Former Mayor Antonio Villaragosa shaking hands with cyclist at Ciclavia (April 2012)
Next events in South LA around bicycling and social justice include:
- Check out the cellphone photos from our recent mapping events, including a planners’ tour of East Side biking and a Downtown Food Walk, both on December 8th. All pictures are published live from the cell phone cameras of the people who came along!
- Regular rides in South LA are growing; we’ll list any we know about. If you know of any we should list, let us know! Also check out the event pages of our local bike clubs like ESR. (And let us know about more clubs we should list here.)
- Sign up to be notified of our next big ride!
- Missed a past ride or event? Visit our events archive. It includes the July 1, 2012 South LA Peace, Love and Family Ride & Fair, hosted by the Real Rydaz; the June 17,2012 Return to the Map ride; the May 26,2012 City Lites ride, and more.
Our blog with recent stories are always below this status post. So far, we have distributed about 2000+ copies of the Watts Ride map.

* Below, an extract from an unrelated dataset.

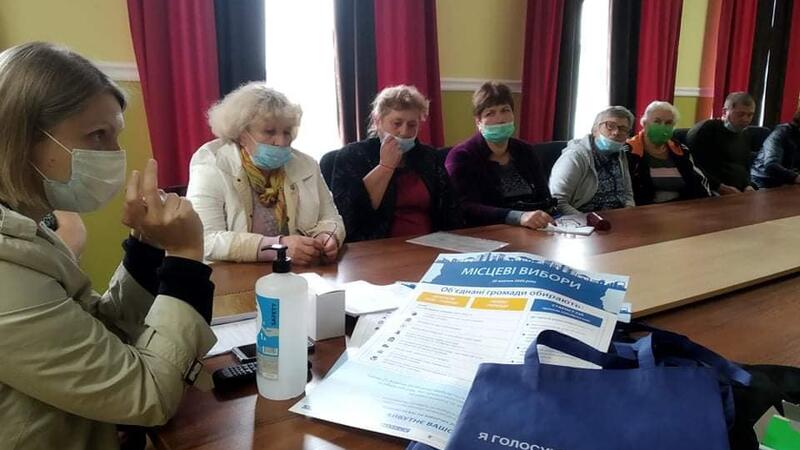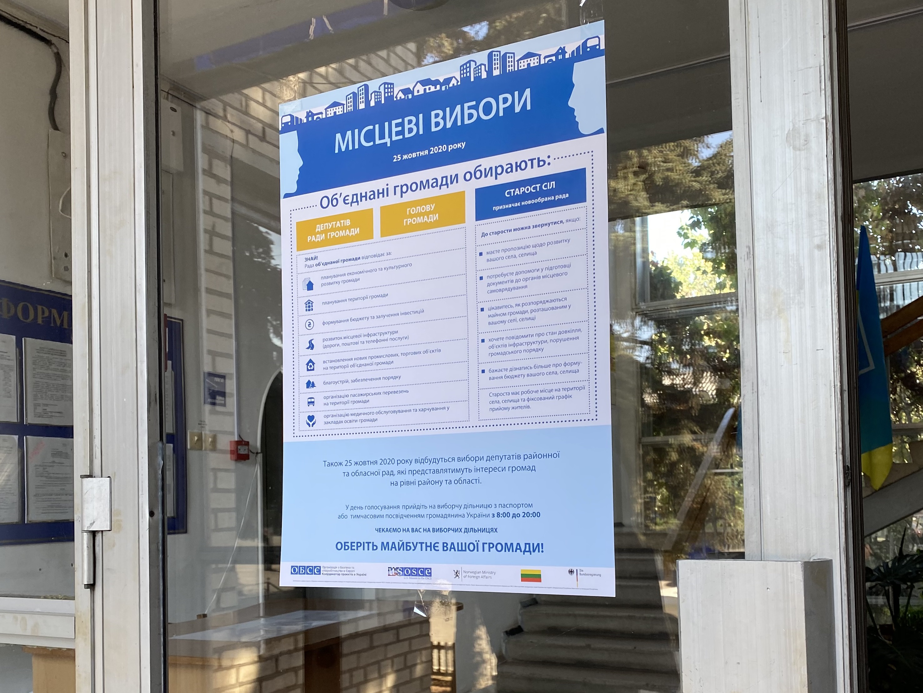 Постер, розроблений за підтримки Координатора проектів ОБСЄ, розміщується на вхідних дверях адміністративної будівлі у Святогірську, Донецька обл. 9 жовтня 2020р.

Today we are thrilled to announce that the Guggenheim Museum has included our video in their new exhibit on the Participatory City. Our contribution is a video response to the term “Collaborative Urban Mapping,” based on our work in South LA with the Healthy Food Map. The video was funded as part of the Guggenheim’s exhibit, which addresses “100 Urban Trends from the BMW Guggenheim Lab,” and is showing from October 11, 2013 through January 5, 2014. The exhibit explores the major themes and ideas that emerged from the Lab during its travels to New York, Berlin, and Mumbai. See all videos in the collection in a YouTube playlist (ours is #17).
Here is our video (English version — for Spanish see below):
Our Statement:
“Collaborative urban mapping” is different than just making group maps online, or celebrating the digital. To make our maps, we take a deliberately low-tech approach to the collaborative side, both for reasons of equity and innovation. Our goal with mapping is to empower a neighborhood, since empowerment shifts the frame to collective efficacy and civic literacy, rather than data as a good unto itself.
In South LA, we want to shatter some stereotypes — to show that the Watts Towers can be reached by bicycle, that urban gardens are often hidden in plain sight. Mapping is a kind of local media, spreading stories that resonate with neighborhood storytelling networks.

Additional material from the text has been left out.